ENTRIES SUPPLIED START
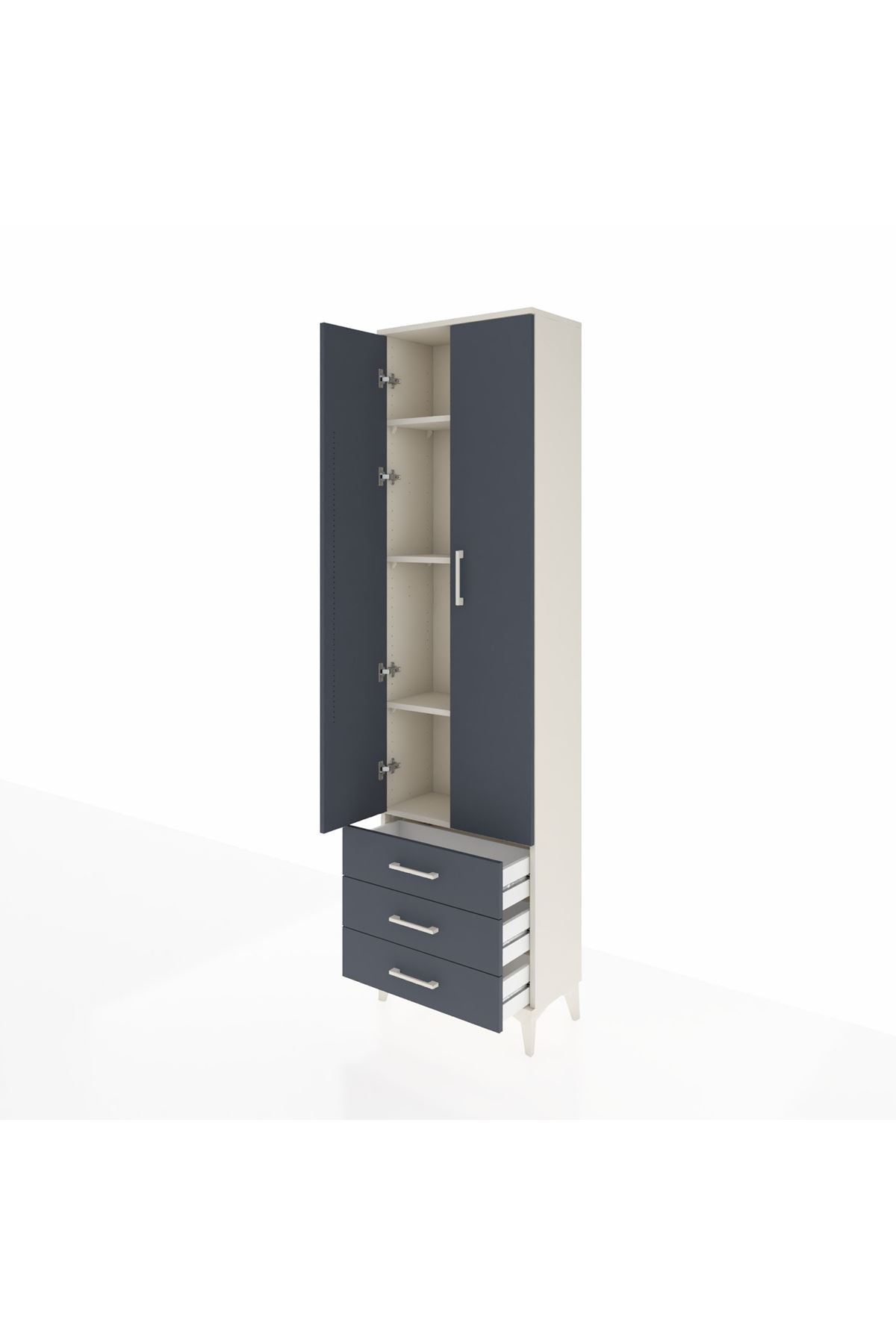 Arges Dolap 4 Raflı 3 Çekmeceli 2 Kapaklı 60x30x221 Aytaşı-Antrasit
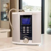 A sleek water ionizer with a digital display and control buttons, featuring a spout for dispensing water.
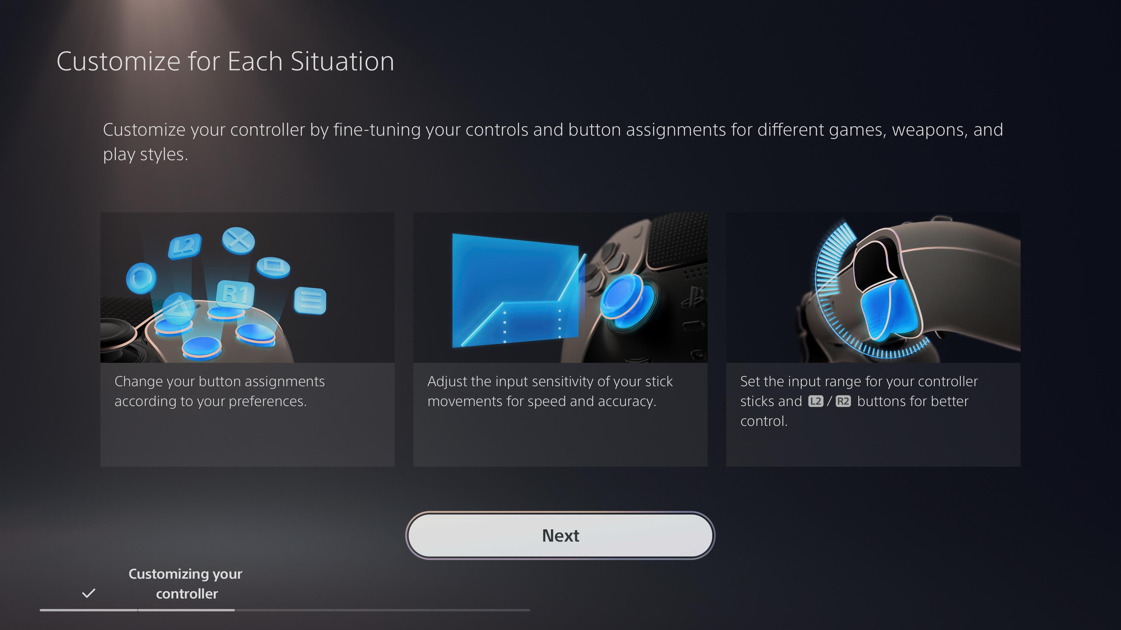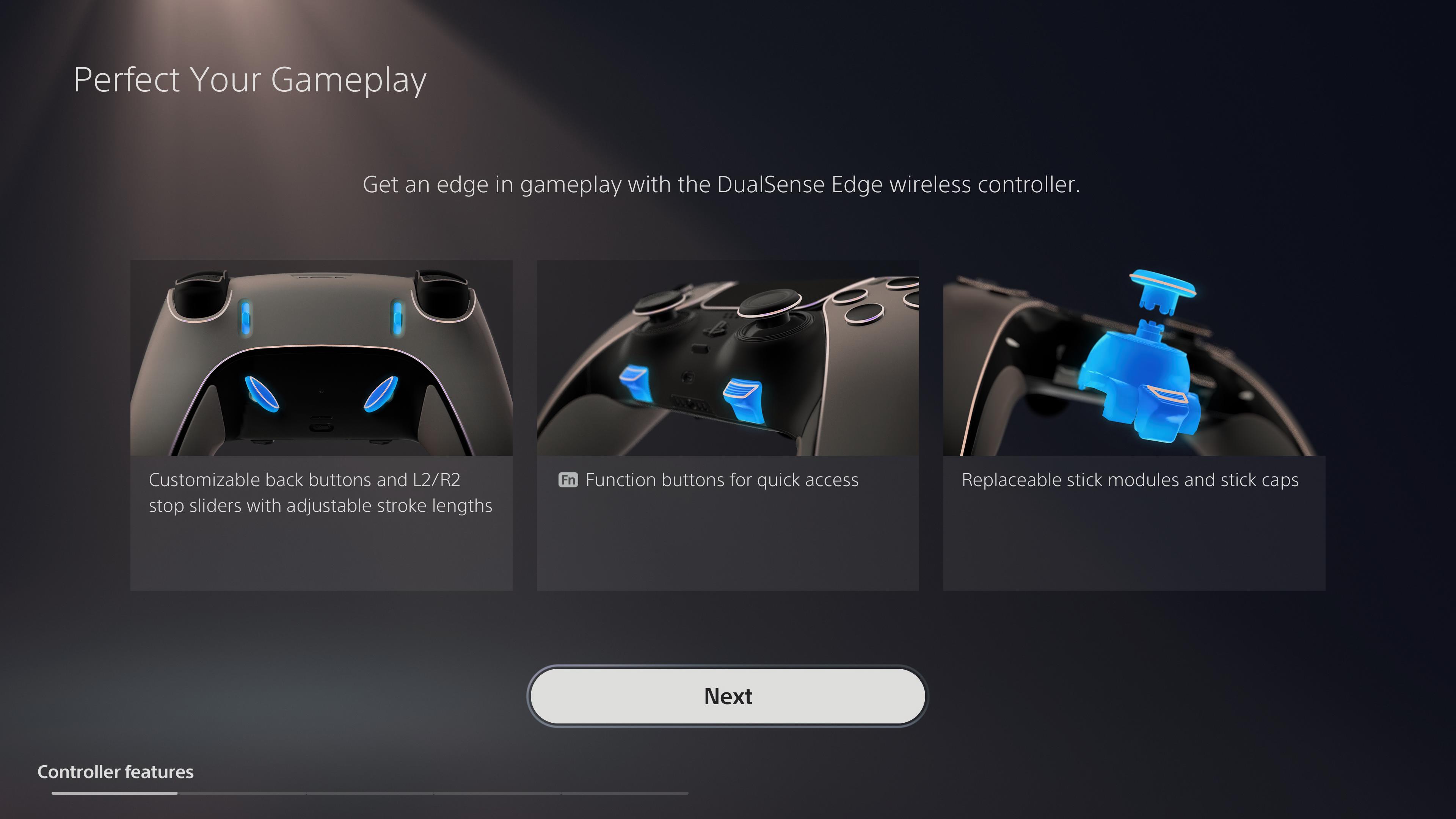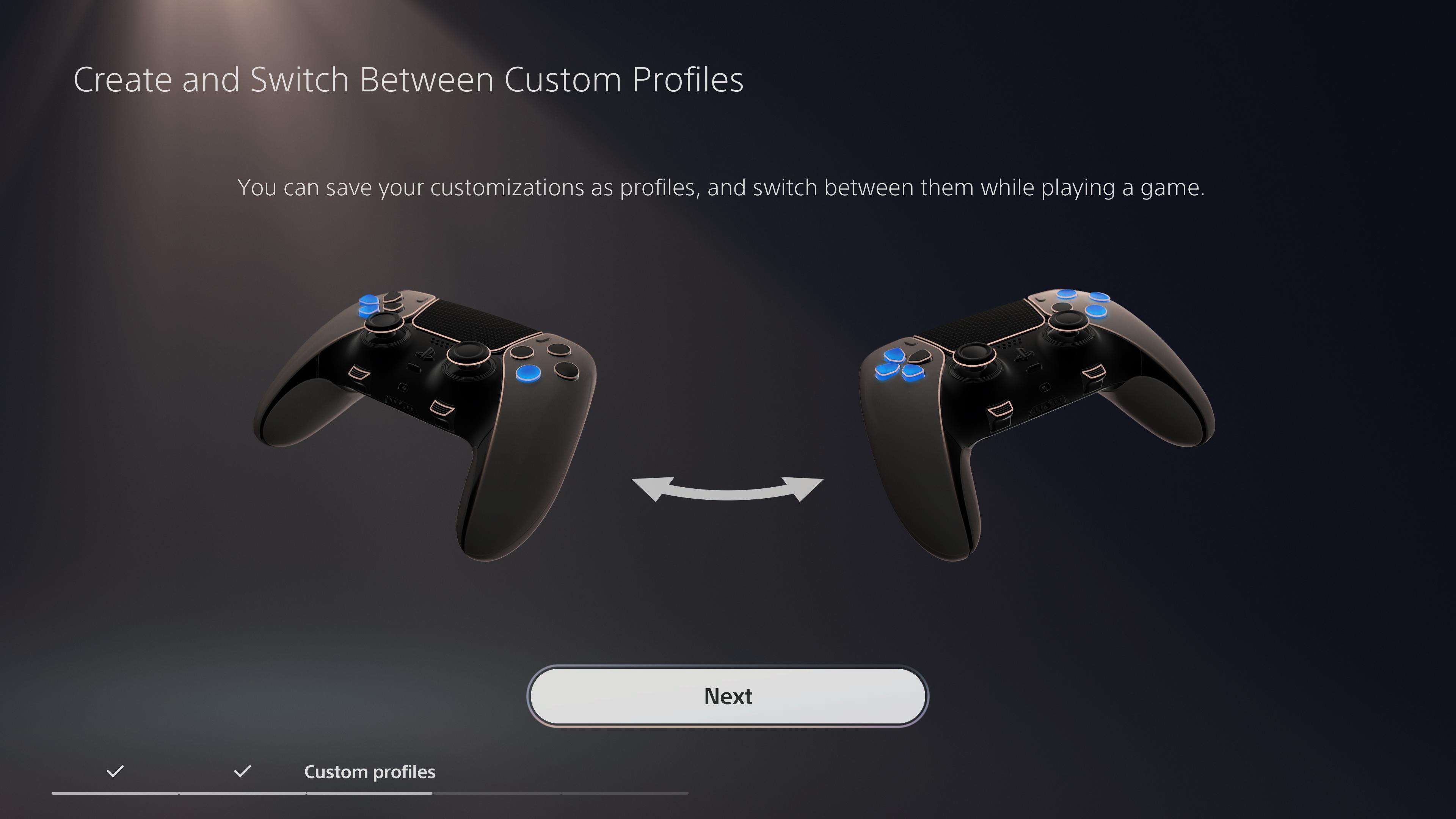 Natomiast pad i jego cechy to tylko połowa dobrobytu, jaki przynosi z sobą DualSense Edge. Pozostałe atuty sprzętu ukazująca się nam we wprowadzeniu, jaki zobaczymy na ekranie telewizora po podłączeniu pada do konsoli. Najważniejszym punktem jest możliwość budowania maksymalnie czterech profili na konsoli, które możemy bardzo szybko zmieniać dzięki klawiszom pod gałkami analogowymi (tak, ten wystający plastik to działający przyciski zmieniający profile).
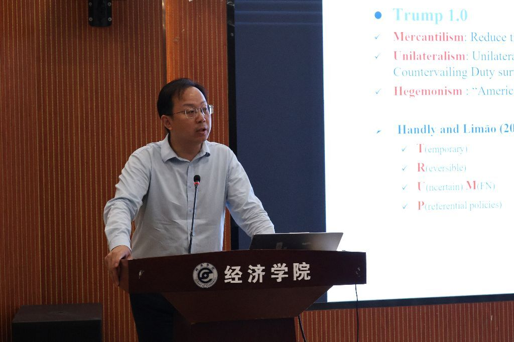 经济学院石小霞副教授以“中美贸易战后我们何去何从”为主题,系统分析了当前中美关税政策及其影响。她指出,一方面,中国政府加速实施2万亿刺激方案,旨在提振消费增速,缓解经济下行压力;另一方面,中国积极推动经济转型,从传统的出口导向型经济逐步向以国内需求为主导的消费驱动型经济转变,稳步推进“中国2030市场”计划。此外,她就人民币汇率波动对出口竞争力的影响展开探讨,表明人民币适度贬值虽能在一定程度上减轻关税带来的成本压力,但其效果有限且存在引发贸易报复的潜在风险。
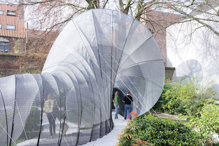 A wandering wave-like structure activates the historic space, connecting it with the streets of present-day Bruges and creating an urban conduit between districts. An unassuming entryway invites visitors to meander through playfully spiraling tunnels, ejecting them into the sunlit courtyard before guiding them to pivot and continue their journey. Once a hidden retreat, the monastery’s garden is transformed into a playground for serendipitous encounters and exploration.
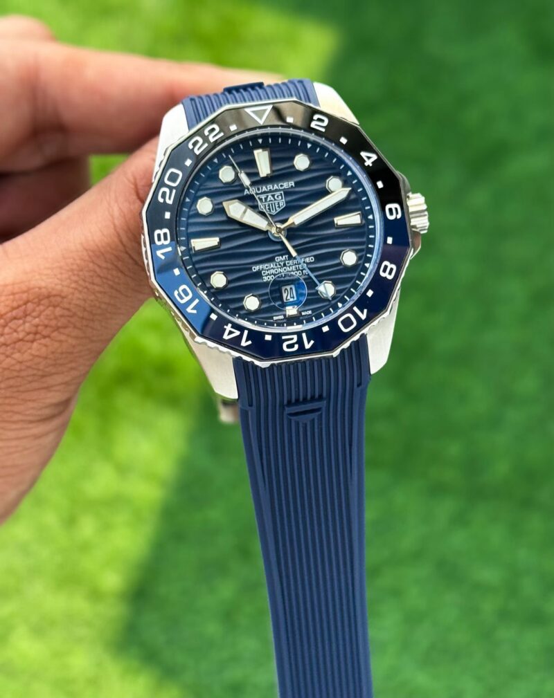 The Tag Heuer Aquaracer 7A features a striking blue dial, automatic movement, and a durable ceramic bezel, making it a sophisticated choice for any occasion.
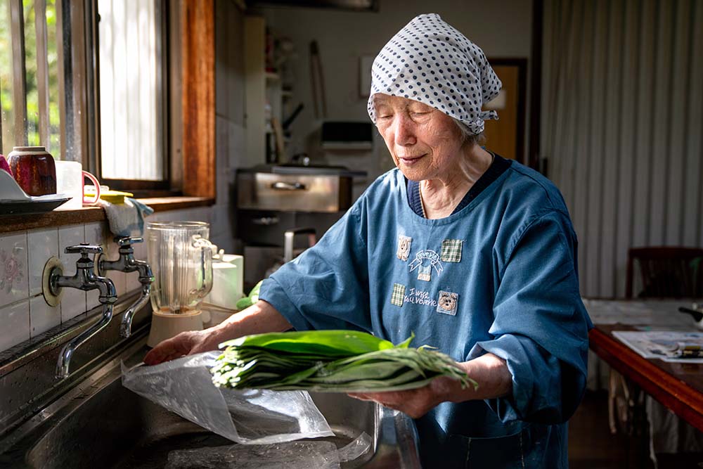 私ね、料理をするための買い物は、ほとんどしないの。畑や山で採れたものが、冷蔵庫にたくさん入ってるからね。昨日はワラビの辛子和えに、アザミのおひたしを作ったよ。息子が山で仕留めてきた鹿肉なんかも食べる。結構いけるよ。昔から山が大好きで、今となってはどこさ何が生えでいるか、だいたいわがってる。辛いことがあっても、山で小鳥のさえずりを聞くと、元気さなれる。
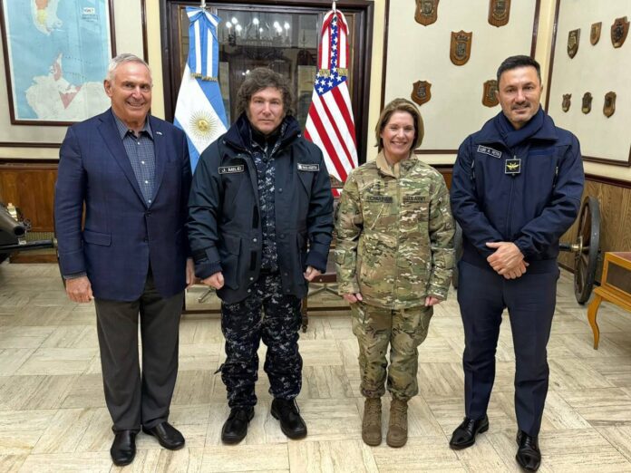 El Presidente de Argentina, Javier Milei autodefinido como ‘libertario’ ayer dio otro paso de acercamiento o mejor dicho una acción suplicante a EEUU para tener apoyo militar para su país, aprovechando al máximo la visita de la general Laura Richardson, jefa del poderoso Comando Sur de los EEUU, que visitaba Ushuaia.
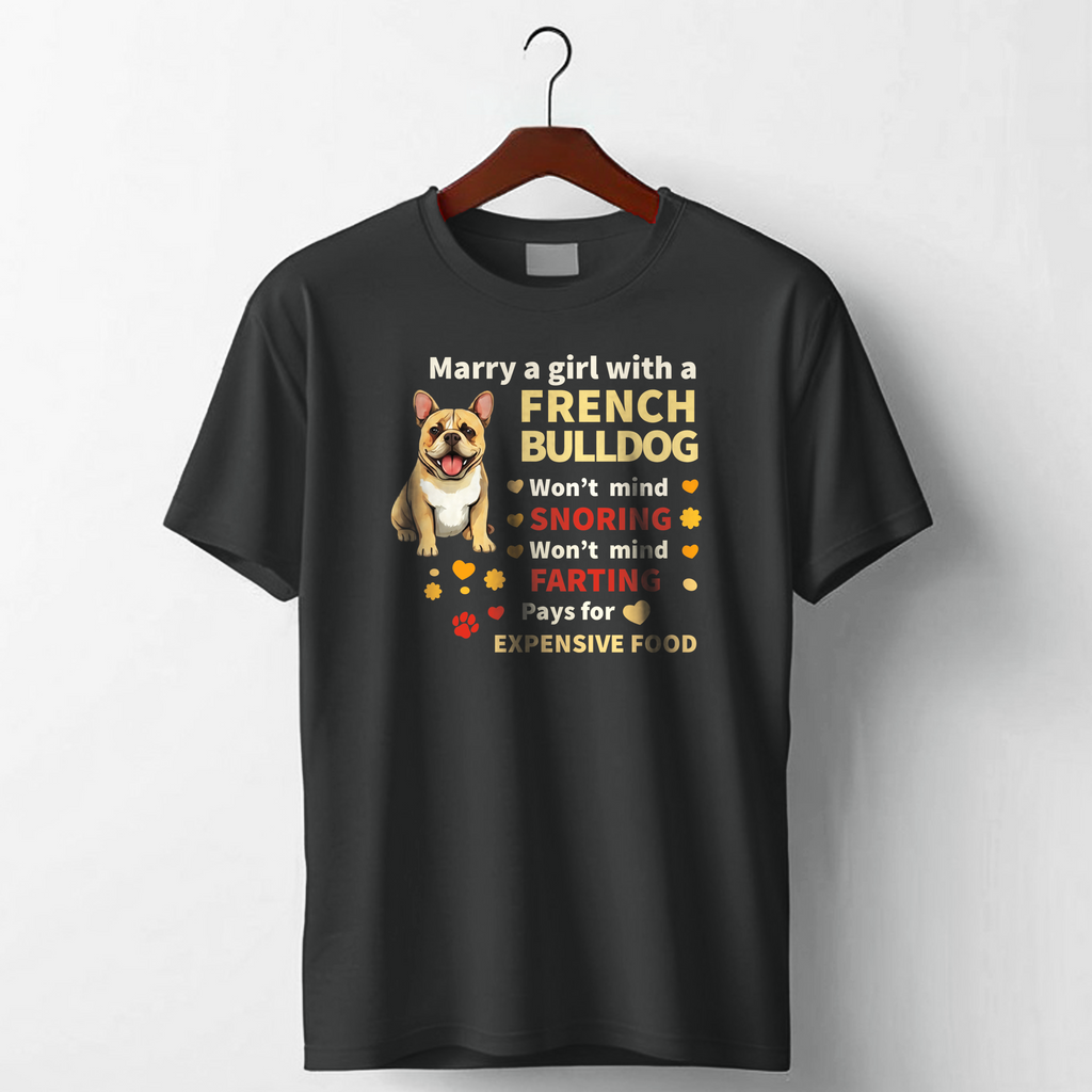 Show off your dog dad pride in style with the DoggFattherz Frenchie Contract Black T-shirt. Made from soft, breathable fabric, this T-shirt offers all-day comfort for casual outings, dog walks, or lounging at home. A wardrobe essential for every proud dog dad.
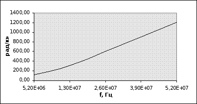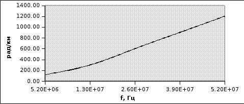Рис. 7.5. Частотная зависимость коэффициента фазы b, рад/км. Частотная зависимость волнового сопротивления коаксиальной цепи иллюстрируется графиком на рис. 7.6. Модуль волнового сопротивления с увеличением частоты уменьшается.
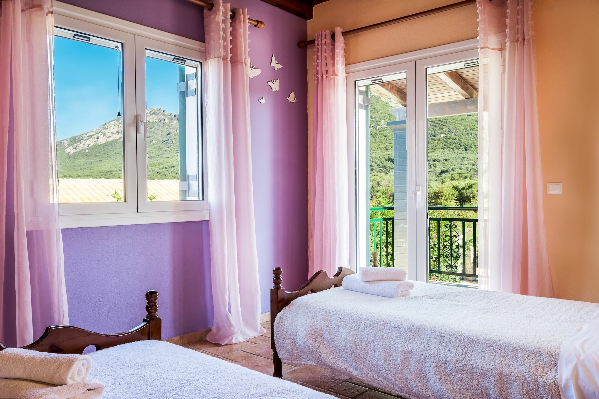 Distances: plage la plus proche Sikidi: à 500 m, taverne la plus proche: à 1100 m, commerces les plus proches: à 4 km (dans le village d’Agios Matheos), ville de Corfou (aéroport et port): à 25 km.
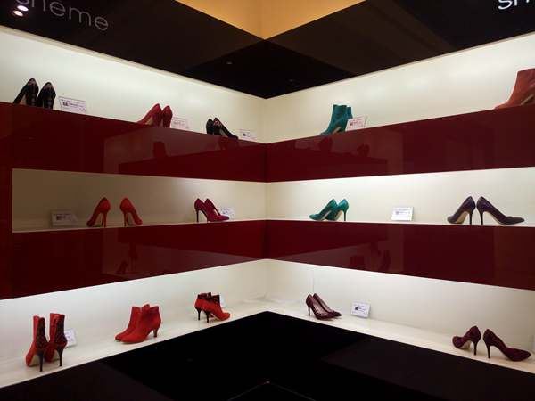 陈列各民族元素鞋的专柜,其设计灵感来自各民族纹案。
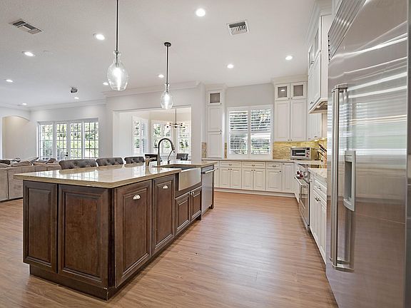 The kitchen is a chef's delight, spacious with Wolf appliances and a subzero refrigerator. The huge island is great for preparing and serving food. The butler's pantry offers custom built-in shelving and has tons of room. Stone accents, pendant lighting and a stove hood are just some of the contemporary and stylish features that add to its wow factor.
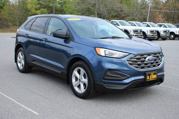 This is a 2019 Ford Edge SE. This SUV is AWD and powered by an aggressive 2.0L EcoBoost engine with 78K miles. This is in good condition, is well maintained and comfortably loaded with cloth bucket seats, power windows and locks, cruise, tilt, rear view camera and more. Give us a call for more information 802-388-6718. At G. Stone Motor's we take anything in trade!
ENTRIES SUPPLIED END
TASK DETAILS: Up to and including the line that contains "A sleek water", print the records above exactly from their first line, without any pictures.

SOLUTION TO THIS TASK:
 Arges Dolap 4 Raflı 3 Çekmeceli 2 Kapaklı 60x30x221 Aytaşı-Antrasit
 A sleek water ionizer with a digital display and control buttons, featuring a spout for dispensing water.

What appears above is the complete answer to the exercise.